According to a report from Bay Area News Group, that is just the start. Bloomberg has spent nearly $40 million since 2012, going to a variety of causes ranging from, “cigarette and soda taxes, groups advocating for charter schools, and politicians from both parties, including Govs. Gavin Newsom, a Democrat, and Arnold Schwarzenegger, a Republican.”

Bloomberg has spent nearly $40 million since 2012 on California elections. Photo by Gage Skidmore.

Regarding Bloomberg in the 2020 election Mayor Breed said, “He has the ability to beat Donald Trump this November, and that is of the most concern to me.” Her categorization of Bloomberg as the candidate with the best chance to beat Donald Trump in the general election may be misguided according to recent CNN polls.

Bloomberg’s chance to beat Trump in the general stacks about the same as Biden’s or Sanders’ so the natural question follows, why him?
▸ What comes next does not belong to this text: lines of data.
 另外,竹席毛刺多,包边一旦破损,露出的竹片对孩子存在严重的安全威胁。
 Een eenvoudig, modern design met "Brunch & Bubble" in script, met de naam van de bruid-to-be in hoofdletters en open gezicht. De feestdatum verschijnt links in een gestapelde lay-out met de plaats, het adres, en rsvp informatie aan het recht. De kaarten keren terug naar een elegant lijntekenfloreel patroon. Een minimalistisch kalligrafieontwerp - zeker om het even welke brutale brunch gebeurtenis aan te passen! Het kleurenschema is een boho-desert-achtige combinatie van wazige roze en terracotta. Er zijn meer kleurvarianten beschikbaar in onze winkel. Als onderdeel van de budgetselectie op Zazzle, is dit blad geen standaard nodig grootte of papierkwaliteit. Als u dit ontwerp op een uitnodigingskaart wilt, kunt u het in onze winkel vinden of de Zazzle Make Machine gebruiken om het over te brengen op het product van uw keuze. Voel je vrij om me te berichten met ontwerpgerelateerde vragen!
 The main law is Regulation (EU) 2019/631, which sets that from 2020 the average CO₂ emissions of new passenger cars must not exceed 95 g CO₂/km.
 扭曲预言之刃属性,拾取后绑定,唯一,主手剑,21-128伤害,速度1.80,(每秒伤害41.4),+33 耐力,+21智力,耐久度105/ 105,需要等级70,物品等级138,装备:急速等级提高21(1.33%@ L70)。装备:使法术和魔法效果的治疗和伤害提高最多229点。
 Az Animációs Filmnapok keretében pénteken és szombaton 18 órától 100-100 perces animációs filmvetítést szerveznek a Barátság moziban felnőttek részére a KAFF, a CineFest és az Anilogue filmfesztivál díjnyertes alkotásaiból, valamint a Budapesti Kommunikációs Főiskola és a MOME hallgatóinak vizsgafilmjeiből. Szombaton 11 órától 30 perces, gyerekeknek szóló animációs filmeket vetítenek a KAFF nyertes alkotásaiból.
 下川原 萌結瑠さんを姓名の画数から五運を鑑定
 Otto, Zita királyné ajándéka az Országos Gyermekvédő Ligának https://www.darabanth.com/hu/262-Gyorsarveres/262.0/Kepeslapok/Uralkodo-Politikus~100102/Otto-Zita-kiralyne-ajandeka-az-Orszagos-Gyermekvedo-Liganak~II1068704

Joe Biden has an atrocious and well-reported record and Bernie Sanders represents a deviation from Democractic party standards that few within the establishment are comfortable with. Bloomberg serves as a safe endorsement because he upsets few and checks the right boxes according to party lines and norms.

Many, if not all, Democractic politicians have waxed and waned for almost four years now about the importance of beating Trump and they are wholeheartedly right. As atrocious as four years of Trump has been, eight would undoubtedly be worse on all fronts; he would have no compunction about attacking any and all social welfare programs while continually disregarding any and every rule of law. We’ve seen what happens, we know the storyline. So with this being of the utmost importance, why would Breed endorse a candidate who plans to skip the first four primaries and is polling at 5.5 percent in her home state?

In short: It follows the rules.

Following the rules might not be enough to oust Trump in November and is certainly not enough to engage disillusioned angsty young voters. So this endorsement looks much more like a career move than a moral one.

For all those, Mayor Breed included, who have been saying for four years how important beating Trump is, there is a second part that few if any will say in public. Beating Trump is the most important thing, as long as it comes at the hands of a Democrat who seeks to further the party’s larger agenda, not upend it.